I think there is always wiggle room. At the end of the day it is someone sitting behind a desk with a pen in hand checking off student hours. Depending on how far into clinicals your class was, they honestly could have just had you make it up in one volunteer day or shadowing or something. In some first year clinicals a student is lucky to even give an injection. Honestly it sounds like the people in your program just didn't care enough.

I think there is always wiggle room. At the end of the day it is someone sitting behind a desk with a pen in hand checking off student hours. Depending on how far into clinicals your class was, they honestly could have just had you make it up in one volunteer day or shadowing or something. In some first year clinicals a student is lucky to even give an injection. Honestly it sounds like the people in your program just didn't care enough.

How many nursing programs have you taught in? I'm certainly no expert, but I've taught in a few over the years, both ADN and BSN programs. Facilities won't allow students to be present outside of the already-agreed upon clinical rotation hours, or without a school instructor present to supervise. Someone can't just be sent to a hospital to "shadow" someone and call that a clinical day. Also, it's not cost-effective for schools to have a clinical instructor do a make-up day for one student, so they're not willing to do it (and, speaking as an instructor, I and most of the other faculty I've known over the years would not be personally willing to do that, regardles of the cost factors). Most hospitals nowadays are juggling groups of students from multiple schools and the clinical rotation schedules are v. tight. There just isn't a realistic mechanism for making up missed clinical days. If you miss more than the specified number of hours, you fail the rotation, however valid your excuse (and that typically means you're out of the program). The last psych clinical rotation I taught was an accelerated/compacted summer term -- we had 12-hour clinical days, but the max number of hours a student could miss was 8 hours (one "normal" clinical day). So, if any of the students had missed a full day of clinical, s/he would have been out of the program. If anyone had been sick, s/he would have had to at least come in for four hours of the day, or fail out of the nursing program (needless to say, I had some "under the weather" students during the term, but no one called in sick).

Also, we rarely get the full story here. When a decision made by a school seems harsh or arbitrary, sometimes it's because there have been previous issues with a student and the current situation is simply "the final straw" and the school is glad to get rid of the person. I'm not suggesting that is the situation here, because we don't have any information about anything like that -- but it does happen.

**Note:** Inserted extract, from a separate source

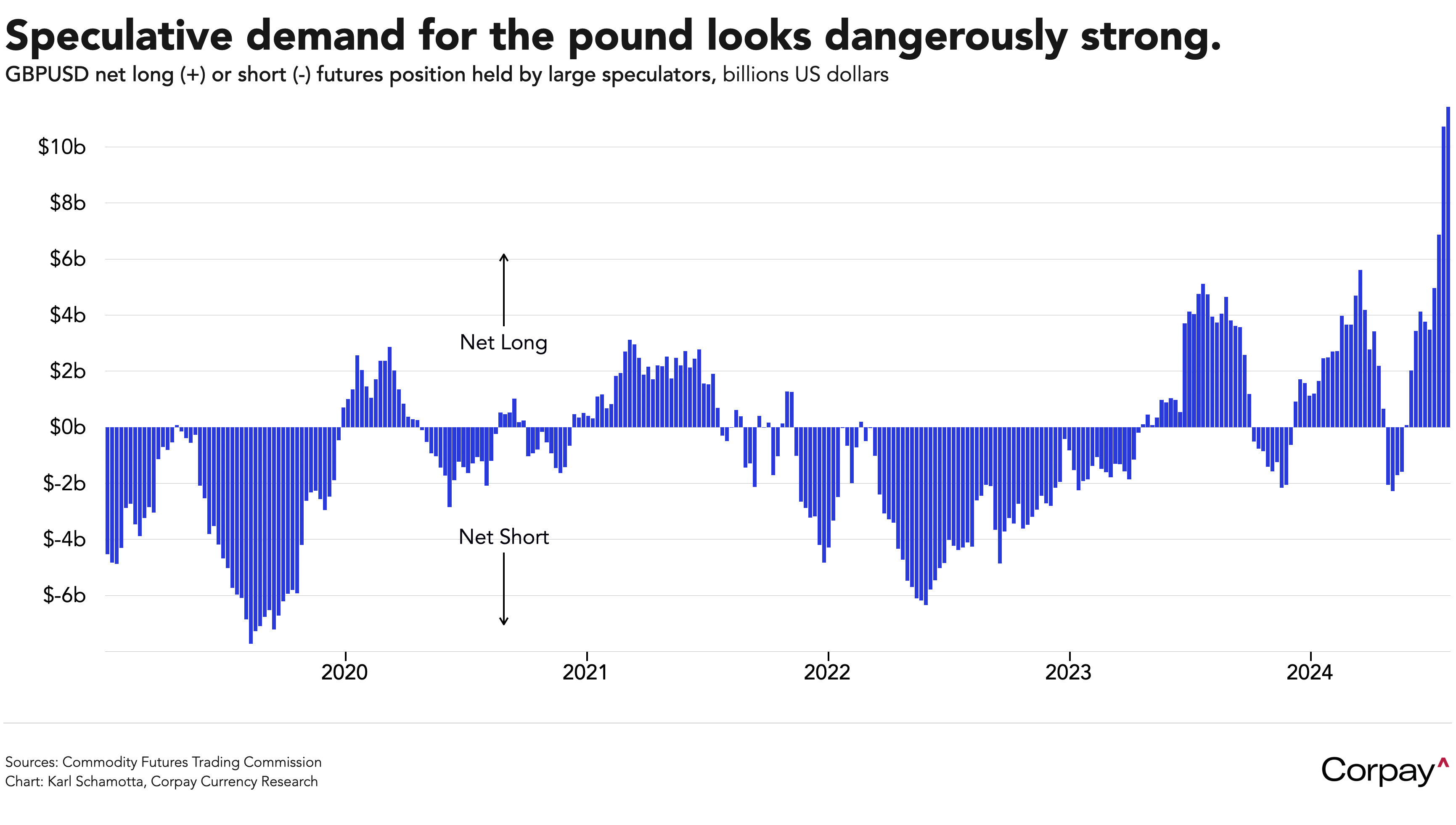 A cut, especially if paired with dovish forward guidance, could trigger dramatic moves in the exchange rate. Markets are currently placing 50:50 odds on a move, with two cuts priced in for the remainder of the year, but with speculators crowded into long positions—speculative bets on the pound hit post-2008 highs last week—the risk of a “fast money” unwind looms large.

Specializes in Emergency, Telemetry, Transplant.
I think there is always wiggle room.

they honestly could have just had you make it up in one volunteer day or shadowing or something.

Honestly it sounds like the people in your program just didn't care enough.

I went to nursing school in a city with a population of approx. 100,000. The city had two medium sized hospital (around 300 beds in each hospital). There were 4 RN programs and at least 5 LPN programs in town. The hospitals sat down with the schools and divided clinical slots between them. As such, each school did not get very much more time that the bare minimum that required to remain certified.

As for volunteering/shadowing--this is not clinical time. How can the school send a student in to follow a nurse for 8 hours and say that this takes the place of an actual clinical rotation?

Finally, i find it difficulty to say that the program "just didn't care enough" based on a 3 paragraph account given by the OP. Yes, the program staff could have done more knowing the student was going to be out. They could have done more to make sure the student was properly registered. However, we don't know the entire story. We don't know what else the staff did or did not do for the OP. We will never know what they did behind the scenes to try and make it happen for the OP.